Required work => Among the entries below, the lines from the one with "选择音乐:在WITHOUT Songs界面点击YUMMY即可直接开始。" up to and including the one with "In 1879, Congress" are to be restated exactly, without pictures.

(Extracted records)
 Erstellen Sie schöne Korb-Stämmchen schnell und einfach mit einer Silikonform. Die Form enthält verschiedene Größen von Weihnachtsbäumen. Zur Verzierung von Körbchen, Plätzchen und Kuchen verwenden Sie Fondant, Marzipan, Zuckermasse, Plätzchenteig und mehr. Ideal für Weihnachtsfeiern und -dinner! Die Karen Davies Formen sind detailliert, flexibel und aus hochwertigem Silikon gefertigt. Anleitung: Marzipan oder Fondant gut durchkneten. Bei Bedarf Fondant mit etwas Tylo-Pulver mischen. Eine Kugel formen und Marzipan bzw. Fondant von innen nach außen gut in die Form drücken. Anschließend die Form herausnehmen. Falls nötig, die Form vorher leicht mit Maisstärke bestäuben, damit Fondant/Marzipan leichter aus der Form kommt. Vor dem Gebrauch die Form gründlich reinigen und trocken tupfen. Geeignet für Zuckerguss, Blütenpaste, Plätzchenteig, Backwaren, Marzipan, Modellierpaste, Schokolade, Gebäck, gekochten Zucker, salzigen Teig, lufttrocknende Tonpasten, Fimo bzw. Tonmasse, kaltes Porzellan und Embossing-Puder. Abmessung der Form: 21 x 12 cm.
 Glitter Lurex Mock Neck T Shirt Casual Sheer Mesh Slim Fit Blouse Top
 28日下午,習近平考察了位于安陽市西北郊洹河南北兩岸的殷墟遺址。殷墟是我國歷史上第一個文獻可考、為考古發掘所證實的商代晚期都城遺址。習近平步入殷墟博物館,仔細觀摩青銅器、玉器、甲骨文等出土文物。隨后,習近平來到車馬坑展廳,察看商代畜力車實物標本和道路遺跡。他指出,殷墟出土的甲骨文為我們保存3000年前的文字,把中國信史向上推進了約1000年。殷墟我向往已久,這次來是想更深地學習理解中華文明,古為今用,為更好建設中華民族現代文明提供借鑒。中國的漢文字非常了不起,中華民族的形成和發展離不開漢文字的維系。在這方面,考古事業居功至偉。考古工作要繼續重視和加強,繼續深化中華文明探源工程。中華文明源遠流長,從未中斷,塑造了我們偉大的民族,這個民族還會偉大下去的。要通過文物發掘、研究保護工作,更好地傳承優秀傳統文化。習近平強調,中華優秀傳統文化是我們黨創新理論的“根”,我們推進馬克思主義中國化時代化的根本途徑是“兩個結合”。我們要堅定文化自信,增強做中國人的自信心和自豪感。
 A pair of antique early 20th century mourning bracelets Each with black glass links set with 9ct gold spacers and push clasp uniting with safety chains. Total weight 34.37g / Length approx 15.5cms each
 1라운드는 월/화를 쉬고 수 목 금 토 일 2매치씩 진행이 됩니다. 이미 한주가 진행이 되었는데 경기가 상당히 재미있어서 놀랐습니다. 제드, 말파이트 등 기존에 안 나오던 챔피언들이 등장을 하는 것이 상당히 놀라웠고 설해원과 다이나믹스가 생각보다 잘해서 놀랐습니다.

* * *

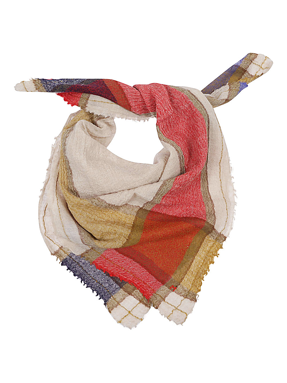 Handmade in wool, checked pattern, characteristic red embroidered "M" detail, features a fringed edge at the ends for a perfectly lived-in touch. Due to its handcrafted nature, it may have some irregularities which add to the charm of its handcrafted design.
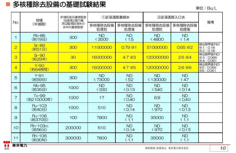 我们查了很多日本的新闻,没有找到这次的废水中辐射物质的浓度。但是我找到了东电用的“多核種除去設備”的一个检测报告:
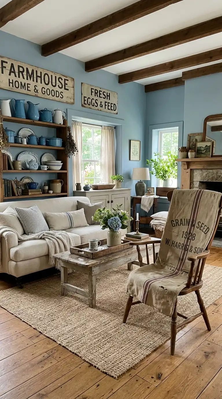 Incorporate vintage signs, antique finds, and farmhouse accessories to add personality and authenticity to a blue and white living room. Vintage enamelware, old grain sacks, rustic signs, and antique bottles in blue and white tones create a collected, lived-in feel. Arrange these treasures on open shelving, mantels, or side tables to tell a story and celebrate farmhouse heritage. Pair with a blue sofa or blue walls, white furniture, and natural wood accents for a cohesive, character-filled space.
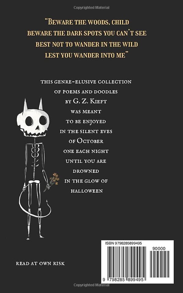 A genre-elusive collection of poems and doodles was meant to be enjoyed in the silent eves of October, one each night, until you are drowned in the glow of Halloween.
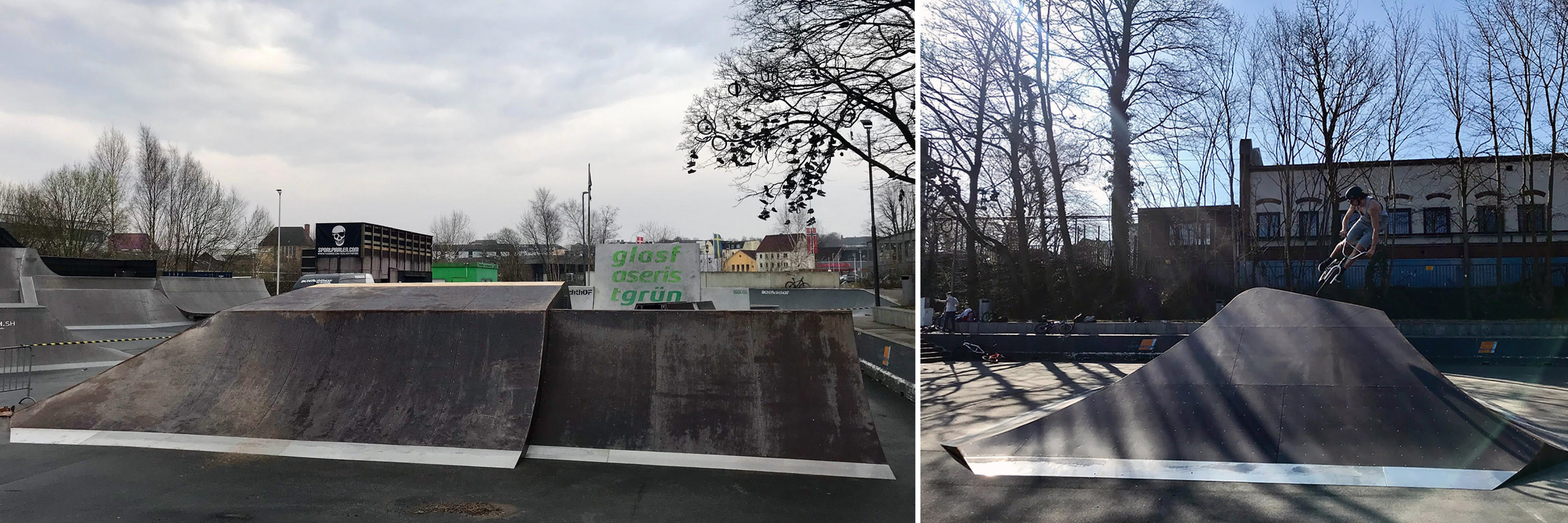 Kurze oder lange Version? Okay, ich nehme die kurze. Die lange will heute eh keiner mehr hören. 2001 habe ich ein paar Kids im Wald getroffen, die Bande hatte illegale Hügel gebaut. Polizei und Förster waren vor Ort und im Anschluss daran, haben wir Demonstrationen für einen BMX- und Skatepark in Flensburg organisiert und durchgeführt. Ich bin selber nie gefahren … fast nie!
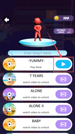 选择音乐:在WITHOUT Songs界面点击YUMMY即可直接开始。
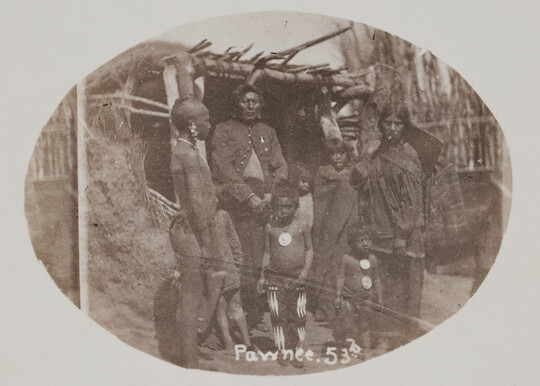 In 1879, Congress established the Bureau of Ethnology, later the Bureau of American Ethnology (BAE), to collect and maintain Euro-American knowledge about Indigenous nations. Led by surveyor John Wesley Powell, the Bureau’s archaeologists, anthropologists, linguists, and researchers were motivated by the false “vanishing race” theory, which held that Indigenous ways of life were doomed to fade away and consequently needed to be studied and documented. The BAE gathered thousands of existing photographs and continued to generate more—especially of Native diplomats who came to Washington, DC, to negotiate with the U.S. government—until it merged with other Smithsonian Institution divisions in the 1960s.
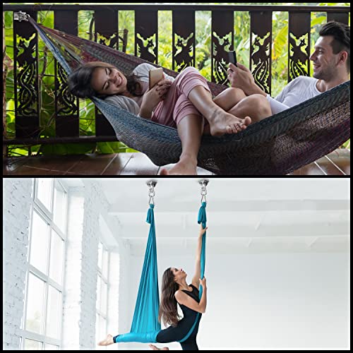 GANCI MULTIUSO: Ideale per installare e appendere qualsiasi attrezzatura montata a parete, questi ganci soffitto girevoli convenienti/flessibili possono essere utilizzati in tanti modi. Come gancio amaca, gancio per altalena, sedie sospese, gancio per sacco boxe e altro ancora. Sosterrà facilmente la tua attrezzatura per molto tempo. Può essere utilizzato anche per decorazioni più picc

Result for this task =>
 选择音乐:在WITHOUT Songs界面点击YUMMY即可直接开始。
 In 1879, Congress established the Bureau of Ethnology, later the Bureau of American Ethnology (BAE), to collect and maintain Euro-American knowledge about Indigenous nations. Led by surveyor John Wesley Powell, the Bureau’s archaeologists, anthropologists, linguists, and researchers were motivated by the false “vanishing race” theory, which held that Indigenous ways of life were doomed to fade away and consequently needed to be studied and documented. The BAE gathered thousands of existing photographs and continued to generate more—especially of Native diplomats who came to Washington, DC, to negotiate with the U.S. government—until it merged with other Smithsonian Institution divisions in the 1960s.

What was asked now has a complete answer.